Die Steigerung der Baumwollen - Production in den Vereinigten Staaten ergiebt sich aus folgenden Angaben. Im Jahre 1784 kamen 8 Ballen nach Europa; 1792: 304 Ballen = 45,600 Livres. 1801 betrug die Total- Production 40 Millionen Livres, wovon etwas mehr als die Hälfte ausgeführt wurde; 1811 war die Production 80 Millionen Livres; 1821: 170 Millionen oder 425,000 Ballen, wovon 125 Millionen exportirt wurden. Im Jahre 1824 erzeugten die Vereinigten Staaten 509,158 Ballen; 1827: 957,281 Ballen; 1830: 997,845 Ballen; 1831: 1,038,848 Ballen; 1843: 2,378,875 Ballen; 1851: 2,355,257 Ballen; 1852: 3,015,020 Ballen; 1853: 3,262,882 Ballen. Die Berechnung für das Jahr 1855 ist noch nicht abgeschlossen, doch übertrifft die Production dieses Jahres die der früheren bedeutend.

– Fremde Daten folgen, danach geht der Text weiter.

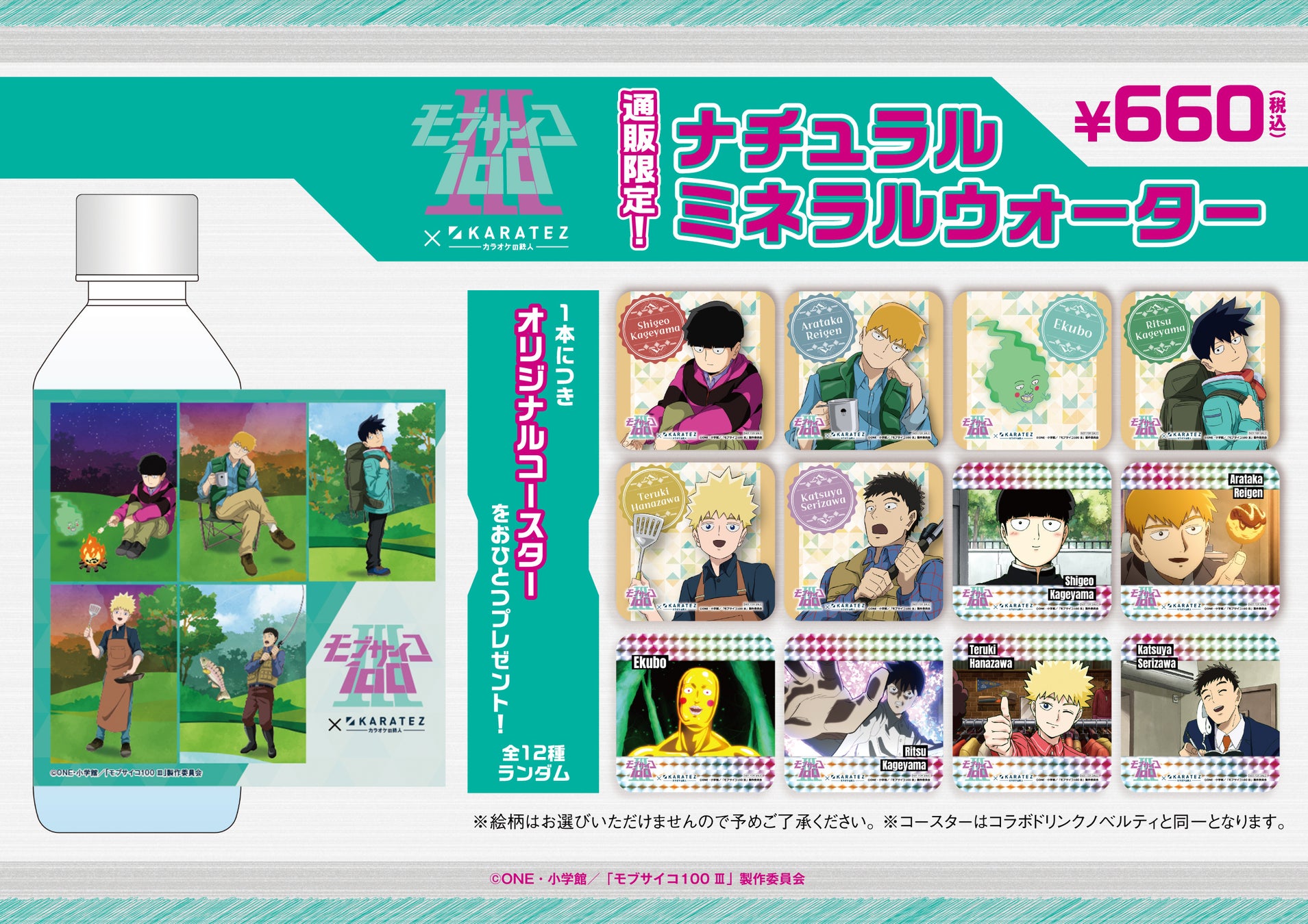 TVアニメ『モブサイコ100 Ⅲ』シリーズの完結を記念して、作品に登場するキャラクターたちの「ソロキャンプ」をテーマにした、カラオケの鉄人限定・描き下ろしイラストがコラボのノベルティやオリジナルグッズに登場します。

Was die Ausfuhr der Baumwolle betrifft, so sind von allen Staaten des alten Continents Frankreich und England die Hauptconsumenten. Beispielsweise wurden im Jahre 1845 nach England 1,439,306 Ballen, nach Frankreich 359,357 Ballen, nach den nördlichen Staaten Europa's 134,501 Ballen und in die übrigen Staaten 150,592 Ballen ansgeführt; im Jahre 1854 belief sich der Export nach England auf 1,603,750, nach Frankreich auf 374,058, nach dem Norden Europa's auf 165,172 und nach den übrigen Ländern auf 176,168 Ballen.

Die Hauptausfuhrhäfen für die Baumwolle sind New-Orleans, welches fast die Hälfte der zur Ausfuhr bestimmten Baumwolle befördert, ferner Mobile, Savannah, Charleston, New-York, Philadelphia und Boston. Die Consumtion der Baumwolle in den Vereinigten Staaten selbst giebt für die Jahre 1800 bis 1850 eine dem Steigen der Gesammt-Production analoge Steigerung. Im Jahre 1800 wurden in der Union 500 Ballen, im Jahre 1840 295,193, 1845: 389,006, 1850: 487,769 und im Jahre 1855 593,584 Ballen verarbeitet.

Dampfschifffahrtsverkehr auf dem Mississippi und seinen

Nebenströmen.

Nach dem Railroad Record versahen im Jahre 1851 auf dem Mississippi und seinen Nebenströmen 610 Dampfschiffe zu 134,867 Tonnen den Dienst. Inn Jahre 1855 war die Zahl der Dampfschiffe auf 735 zu 191,112 Tonnen gestiegen. Die Schiffszahl hat in den letzten vier Jahren einen Zuwachs von 20 pCt., die des Tonnengehalts eine Vermehrung von 40 pCt. erfahren. Die auf den Schiffen angestellte Bemannung ist in diesem Zeitraume von 12,412 auf 14,894 Mann gestiegen. (Austria 1856, p. 501.)